Allison Beese, a materials scientist in Penn State’s College of Earth and Mineral Sciences (EMS), has been selected to receive the 2016 3M Non-Tenured Faculty Award from the 3M Corporation. This highly competitive award, administered by 3M's Research and Development Community in partnership with 3Mgives, encourages the pursuit of new ideas among non-tenured university professors, giving them the opportunity to interact with their peers and 3M scientists. Beese received the award for her proposal “Mechanics of Materials Made by Additive Manufacturing.”
In its 26th year, the award recognizes “outstanding new faculty who were selected based on their research, experience, and academic leadership.” The award was created to support new faculty in their path to tenure. Recipients are nominated by 3M researchers.
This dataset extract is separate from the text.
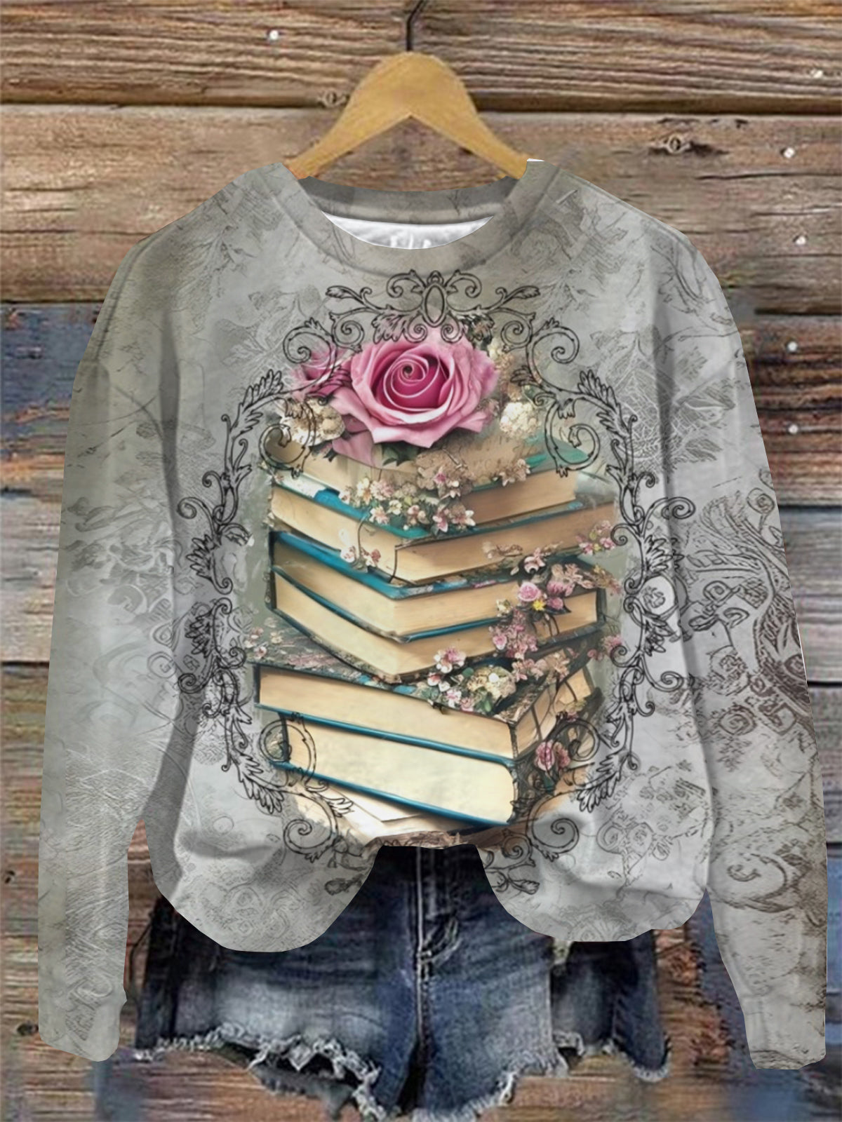Women's Vintage Book Print Round Neck Long Sleeve Top

In addition to the honor, the award provides Beese $15,000 per year to support her research. The funding will continue until tenure is achieved, up to a maximum of three years.
“I am honored to be selected for the 3M Non-Tenured Faculty Award,” said Beese. “It will help greatly enhance my research program as a young investigator. This award will provide crucial financial support early in my career. With this award, my group and I will be able to address novel research questions in materials science and engineering, which is difficult without independent funding.”
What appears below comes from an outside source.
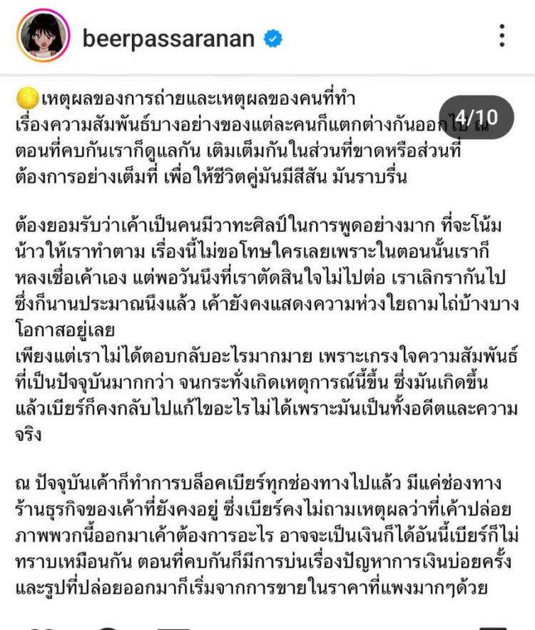 ณ ปัจจุบันเค้าก็ทำการบล็อกเบียร์ทุกช่องทางไปแล้ว มีแค่ช่องทางร้านธุรกิจของเขาที่ยังคงอยู่ ซึ่งเบียร์คงไม่ถามเหตุผลว่าที่เขาปล่อยภาพพวกนี้ออกมาเขาต้องการอะไร อาจจะเป็นเงินก็ได้อันนี้เบียร์ก็ไม่ทราบเหมือนกัน ตอนที่คบกันก็มีการบ่นเรื่องปัญหาการเงินบ่อยครั้ง และรูปที่ปล่อยออกมาก็เริ่มจากการขายในราคาที่แพงมากๆ ด้วย

Beese, an assistant professor of materials science and engineering in EMS’ Department of Materials Science and Engineering (MatSE), joined the Penn State faculty in 2013. Her research focuses on determining the relationships between the microstructure in a material and its macroscopic plasticity and fracture behavior, using both experimental investigation and computational modeling. One of her research programs specifically examines the processing-property-mechanical property relationships in additively manufactured metallic components, including titanium, steel, and nickel alloys, as well as functionally graded materials. Another research thrust focuses on uncovering the mechanisms of ductile failure of metals over a wide range of stress states toward the development of predictive computational fracture models.
Beese earned a bachelor of science in mechanical engineering and a minor in engineering mechanics from Penn State in 2005. After graduating, she spent a year working at Lockheed Martin’s Knolls Atomic Power Laboratory in upstate New York. Beese earned her master of science in 2008 and her doctorate in 2011, both in mechanical engineering with a minor in biomechanics from MIT. At MIT, she performed research in Professor Tomasz Wierzbicki’s Impact and Crashworthiness Laboratory, studying deformation induced phase transformation in austenitic steels and was awarded a three-year Department of Defense National Defense Science and Engineering Graduate Fellowship. Before joining Penn State’s faculty, she was a postdoctoral fellow in Professor Horacio Espinosa’s Micro and Nanomechanics Laboratory at Northwestern University.
Beese has been the recipient of numerous other young faculty awards. She received the Ralph E. Powe Junior Faculty Award in 2015 from the Oak Ridge Associated Universities (ORAU). ORAU’s competitive research grants are awarded to junior faculty to enrich the research and professional growth of young faculty. She also received a 2015 Young Leader Professional Development Award from the Minerals, Metals and Materials Society (TMS). TMS awards recognize early-career individuals, under the age of 40, for their potential as future leaders within TMS and the materials and engineering community it serves.
Additionally, she was awarded the Norris B. McFarlane Faculty Career Development Professorship. The professorship is part of a $1 million commitment from the estate of Cathleen McFarlane-Ross, longtime friend of Penn State. McFarlane-Ross's gift honors her late husband, industrialist Norris “Mac” McFarlane, who graduated from Penn State in 1934 with a bachelor of science degree in metallurgy.